Various methods exist for fabricating SOI substrates. In one example according to the prior art illustrated in FIG. 1, an SOI substrate 10 is fabricated to contain a region of strained silicon 12 having tensile stress in which a transistor, for example, an n-type field effect transistor (“NFET”) will be formed. The tensile stressed silicon region 12 overlies a region 14 containing silicon germanium (SiGe) having relaxed stress, and the SiGe region, in turn, overlies a bulk silicon region 18, as separated therefrom by a buried oxide (“BOX”) layer 16 containing borophosphosilicate glass (“BPSG”).

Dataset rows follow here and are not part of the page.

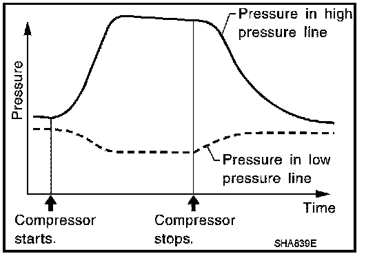 The pressure on the high-pressure side drops gradually after refrigerant circulation stops and pressure on the low-pressure side rises gradually, as shown in the graph. Some leakages are more easily detected when pressure is high.
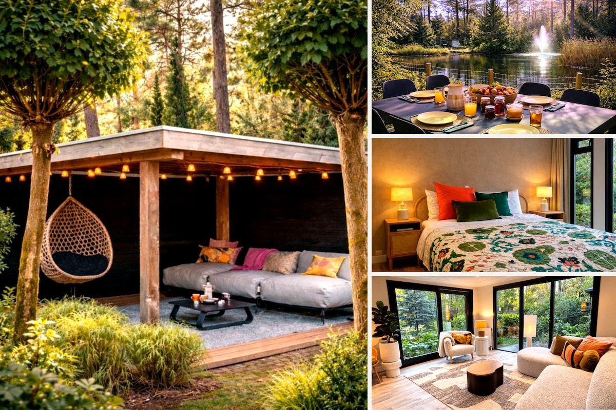 Escape to our peaceful, dog-friendly forest home with serene lake views from a stylish veranda. This detached retreat comfortably fits 4–5 guests, perfect for relaxing couples and families. Enjoy a private, spacious, fully fenced garden—ideal for kids and dogs—plus direct access to nature trails, sand dunes, and park amenities like a pool and an on-site restaurant. A cozy, stylish getaway with comfy beds, a fully equipped kitchen, fast WiFi, and A/C. Perfect for walking and cycling.
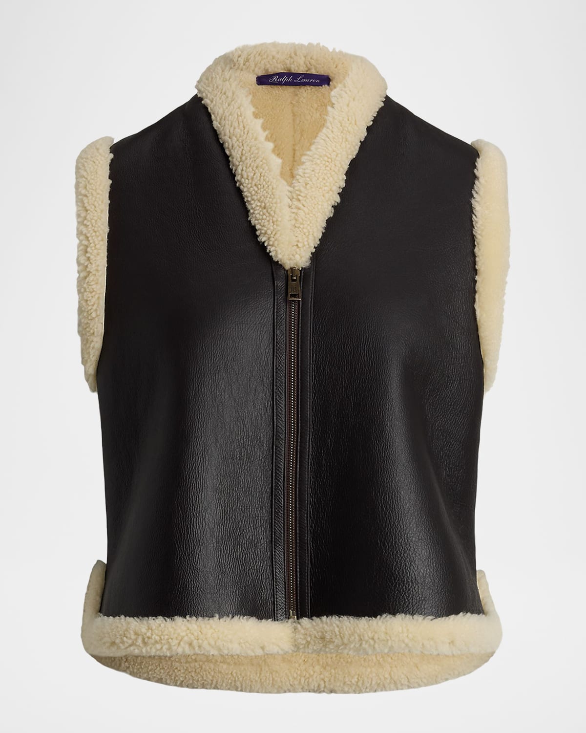 Ralph Lauren Collection "Tamlin" vest is crafted of dyed curly sheep shearling (Philippines) V neckline; zip front Sleeveless Straight fit Hip length Shearling Imported
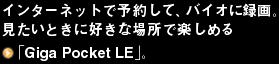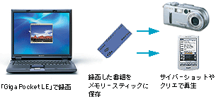 | 動画フォーマット変換機能を使って、「Giga Pocket LE」で録画した映像をソニーのクリエやサイバーショット用の形式に変換。録画した番組をメモリースティックに保存し、ソニーのクリエ*1やサイバーショット*2で再生して楽しめます。 |
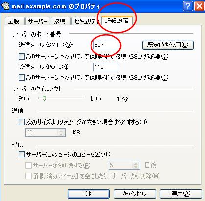 詳細設定タブをクリックし、送信メール(SMTP)欄を587に変更してください。 |
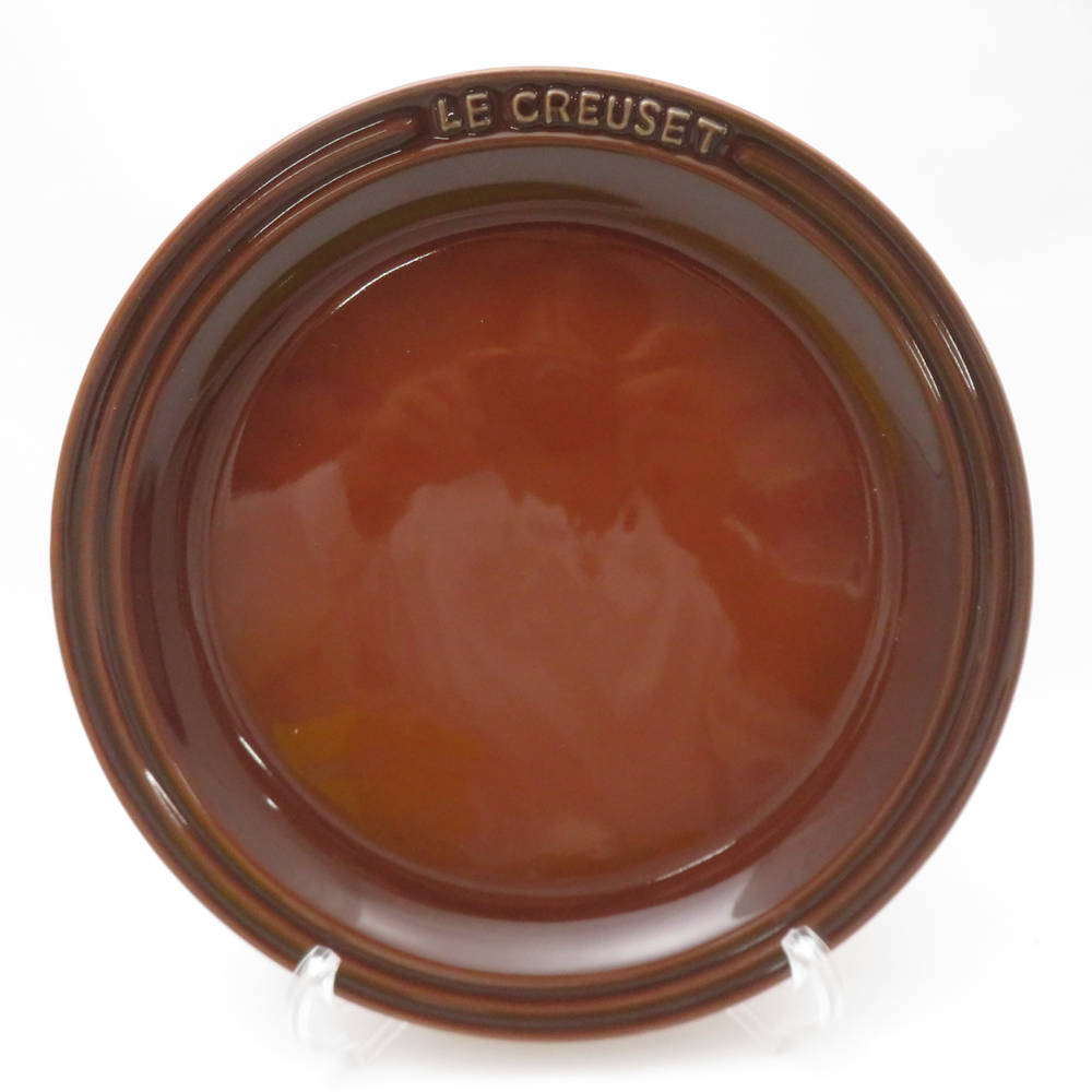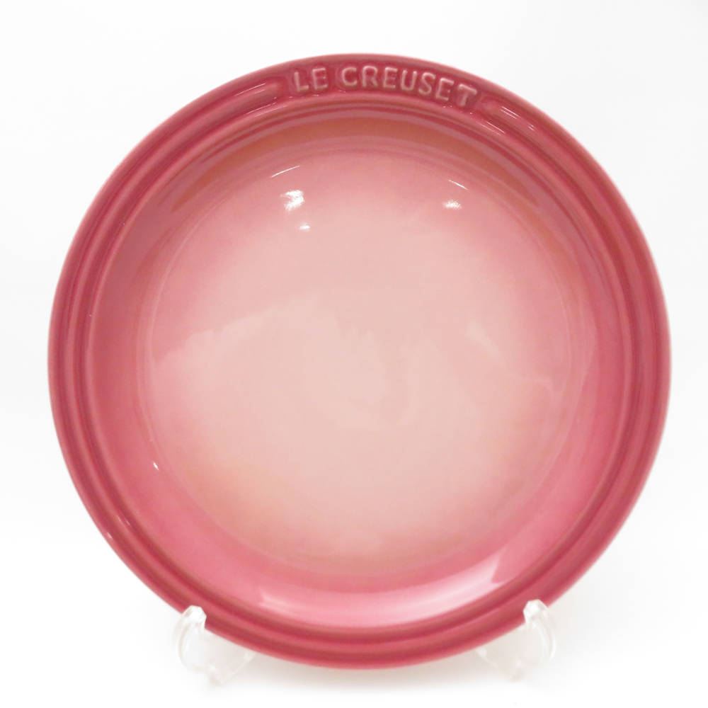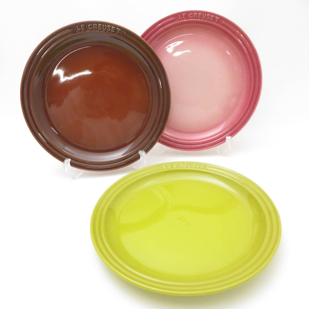 未使用 Le Creuset ルクルーゼ 中皿 3枚 セット 23cm ラウンドプレート ピンク ブラウン グリーン系 SO3624A1 【中古】
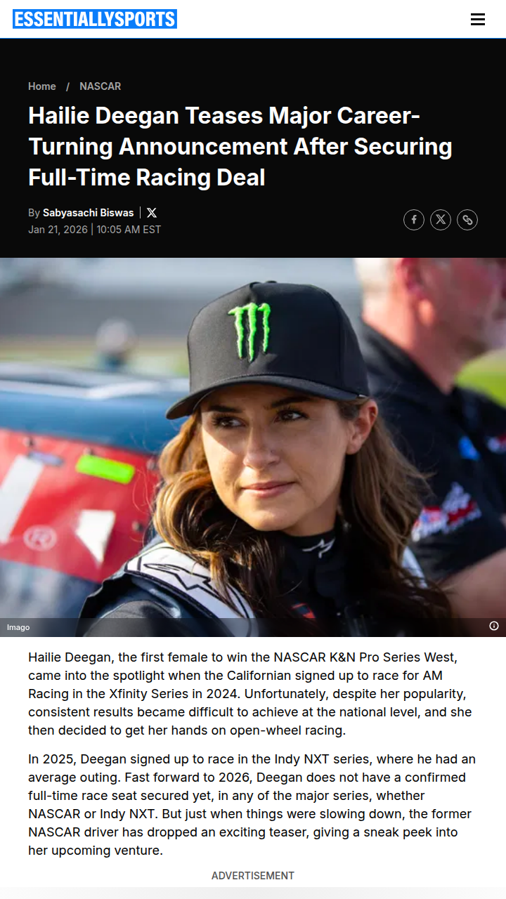 Jason Smith+FollowDeegan Drops Cryptic Full-Time Racing TeaseLooks like Hailie Deegan, the trailblazer from Cali, is keeping us guessing again! After a tough rookie Indy NXT season and no locked-in seat for 2026, she just teased a major full-time deal. Could she be switching series or sticking with HMD? The suspense is real—her next move could shake up the racing scene. Anyone else hoping for a Deegan comeback story? #Sports #Racing #HailieDeegan00Share
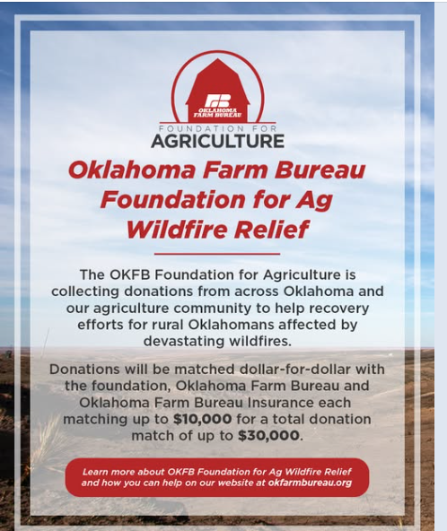 The Oklahoma Cattlemen’s Foundation (OCF) has established a relief fund to help cattle producers who have been affected by the recent wildfires in Northwest Oklahoma. “We are coordinating with boots on the ground leaders in the Panhandle and Northwest to identify ranchers that are in need,” said Michael Kelsey, Executive Vice President of the Oklahoma Cattlemen’s Association. “The wildfire relief fund at the Oklahoma Cattlemen’s Foundation will distribute 100% of received funds to impacted cattle producers. The OCF will establish an application process later this week and encourage impacted producers to let us know the extent of the damage to their cattle operation so we can help directly.”
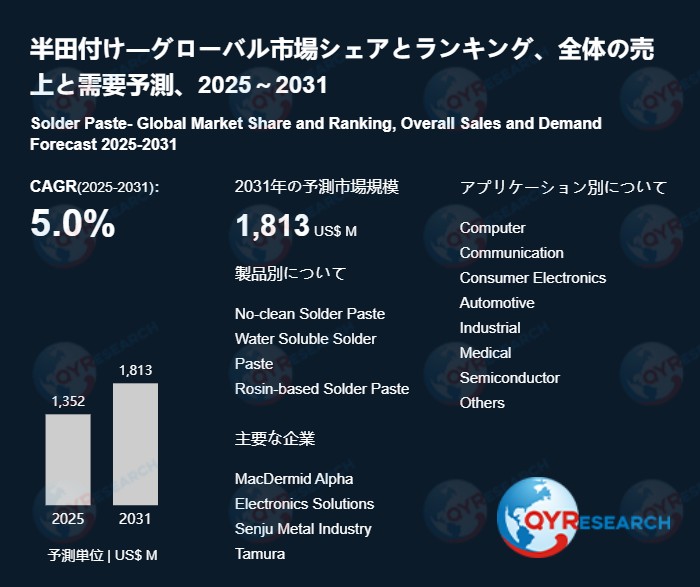QYResearchが発表した新たな市場調査レポート「半田付け―グローバル市場シェアとランキング、全体の売上と需要予測、2026~2032」によると、世界の半田付け市場規模は2024年の約1294百万米ドルから2025年の1352百万米ドルへと順調に拡大すると見込まれ、予測期間中は年平均成長率(CAGR)5.0%で成長し、2031年には1813百万米ドルに達すると予測されている。

To fabricate the prior art SOI substrate 10, a starting SOI substrate is provided which includes a compressive top SiGe layer 14 which overlies the bulk silicon layer 18, separated therefrom by a BOX layer including BPSG. Thereafter, a layer of silicon 12 is grown epitaxially from the surface of the SiGe layer. After patterning the silicon layer 12 and SiGe layer 14, e.g., by etching in accordance with a photolithographically defined mask layer (not shown), the temperature of the SOI substrate is elevated to a point at which the BPSG BOX layer 16 softens and begins to “flow”. As a result, the stress in the SiGe layer 14 relaxes, and in consequence, a tensile stress develops in the silicon layer 12 above the SiGe layer 14.
One of the drawbacks of the prior art SOI substrate 10 is that after the active silicon region 12 is defined, the SiGe stressor layer 14 continues to underlie the active silicon region 12 in which the transistor is to be formed. This fact hinders some of the flexibility of the design of the transistor to be formed thereon, as the underlying SiGe layer 14 can contribute to junction capacitance, reducing the performance benefit to be gained from the SOI structure. In addition, the permanent presence of the SiGe layer 14 can lead to undesirable diffusion of germanium and arsenic into portions of the transistor to be formed in the active silicon region 12. Another drawback is that threading defects can occur which can lead to shorts of the gate dielectric.